Data for analysis Block Start

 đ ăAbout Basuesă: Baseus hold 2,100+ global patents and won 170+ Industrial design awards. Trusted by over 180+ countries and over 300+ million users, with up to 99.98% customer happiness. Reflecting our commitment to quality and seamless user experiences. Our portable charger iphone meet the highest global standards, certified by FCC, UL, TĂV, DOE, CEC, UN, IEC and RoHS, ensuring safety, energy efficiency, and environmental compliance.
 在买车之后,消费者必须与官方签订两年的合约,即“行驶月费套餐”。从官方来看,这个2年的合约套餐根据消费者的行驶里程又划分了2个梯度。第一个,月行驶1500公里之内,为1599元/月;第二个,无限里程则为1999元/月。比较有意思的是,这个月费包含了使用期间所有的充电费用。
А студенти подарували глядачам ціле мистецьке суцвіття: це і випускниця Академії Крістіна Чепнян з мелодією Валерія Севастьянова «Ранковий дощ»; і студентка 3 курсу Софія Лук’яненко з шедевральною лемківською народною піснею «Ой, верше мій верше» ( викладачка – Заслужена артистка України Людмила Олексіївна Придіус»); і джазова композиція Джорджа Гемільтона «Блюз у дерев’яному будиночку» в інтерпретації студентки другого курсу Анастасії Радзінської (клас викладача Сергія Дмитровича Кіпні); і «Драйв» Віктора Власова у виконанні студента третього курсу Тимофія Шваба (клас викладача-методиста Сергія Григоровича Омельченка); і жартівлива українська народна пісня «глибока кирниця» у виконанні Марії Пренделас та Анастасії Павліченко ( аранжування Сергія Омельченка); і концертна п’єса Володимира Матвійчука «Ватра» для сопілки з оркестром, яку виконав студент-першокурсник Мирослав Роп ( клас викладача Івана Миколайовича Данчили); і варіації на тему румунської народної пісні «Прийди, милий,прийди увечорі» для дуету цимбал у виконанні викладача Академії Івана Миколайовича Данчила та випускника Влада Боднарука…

Data for analysis Block End
Data for analysis Block Start

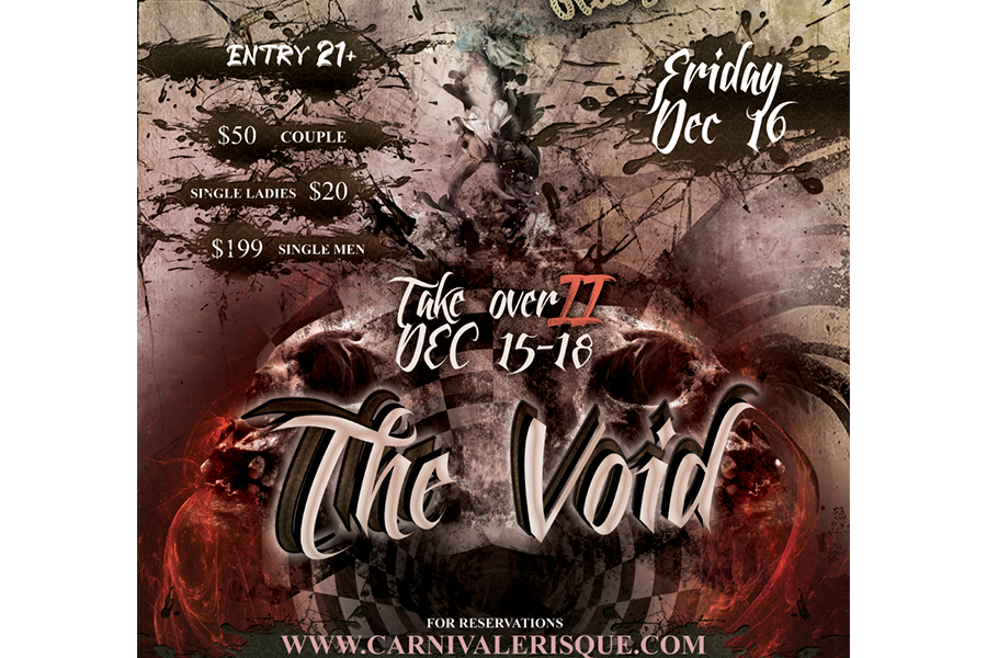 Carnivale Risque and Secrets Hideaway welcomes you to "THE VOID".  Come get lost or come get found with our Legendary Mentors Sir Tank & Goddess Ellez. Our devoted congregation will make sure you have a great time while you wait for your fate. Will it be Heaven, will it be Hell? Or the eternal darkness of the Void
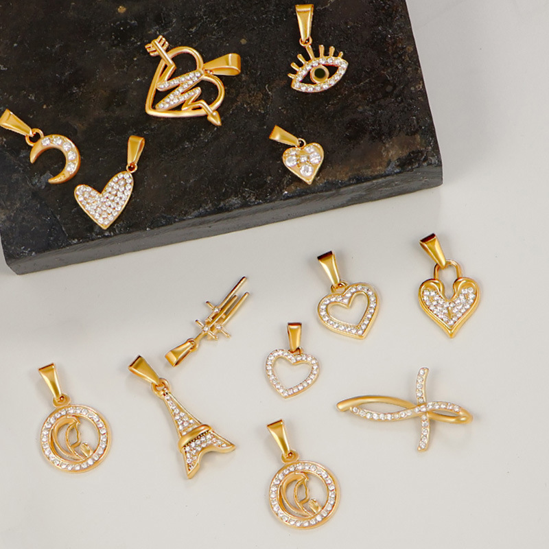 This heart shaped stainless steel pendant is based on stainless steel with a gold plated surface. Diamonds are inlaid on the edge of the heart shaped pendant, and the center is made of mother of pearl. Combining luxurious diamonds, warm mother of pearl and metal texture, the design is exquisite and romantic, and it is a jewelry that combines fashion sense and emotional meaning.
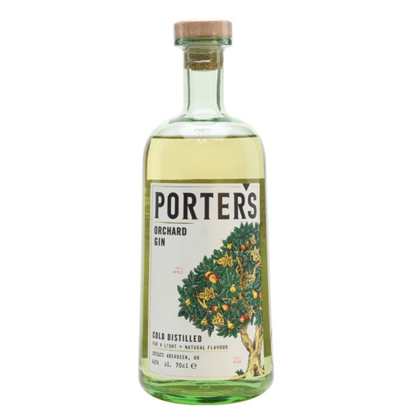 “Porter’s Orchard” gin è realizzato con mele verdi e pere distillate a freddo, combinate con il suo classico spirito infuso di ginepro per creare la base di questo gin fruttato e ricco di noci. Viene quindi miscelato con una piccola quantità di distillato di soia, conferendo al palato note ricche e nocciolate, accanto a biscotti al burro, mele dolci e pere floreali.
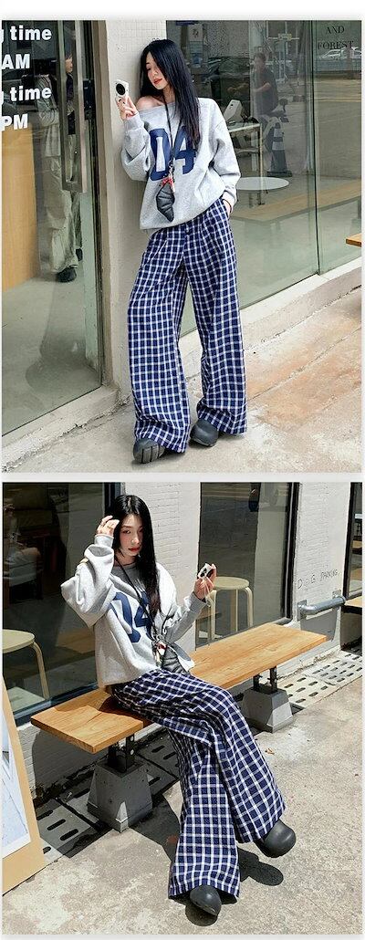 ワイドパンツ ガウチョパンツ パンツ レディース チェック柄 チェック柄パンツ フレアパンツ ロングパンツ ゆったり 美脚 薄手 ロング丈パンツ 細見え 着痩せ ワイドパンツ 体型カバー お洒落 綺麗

Data for analysis Block End

What you need to do: Extract from the records above the lines from the one containing "đ ăAbout Basuesă: Baseus" to the one containing "在买车之后,消费者必须与官方", both lines included, exactly as they appear and with nothing else.

Finished exercise:
 đ ăAbout Basuesă: Baseus hold 2,100+ global patents and won 170+ Industrial design awards. Trusted by over 180+ countries and over 300+ million users, with up to 99.98% customer happiness. Reflecting our commitment to quality and seamless user experiences. Our portable charger iphone meet the highest global standards, certified by FCC, UL, TĂV, DOE, CEC, UN, IEC and RoHS, ensuring safety, energy efficiency, and environmental compliance.
 在买车之后,消费者必须与官方签订两年的合约,即“行驶月费套餐”。从官方来看,这个2年的合约套餐根据消费者的行驶里程又划分了2个梯度。第一个,月行驶1500公里之内,为1599元/月;第二个,无限里程则为1999元/月。比较有意思的是,这个月费包含了使用期间所有的充电费用。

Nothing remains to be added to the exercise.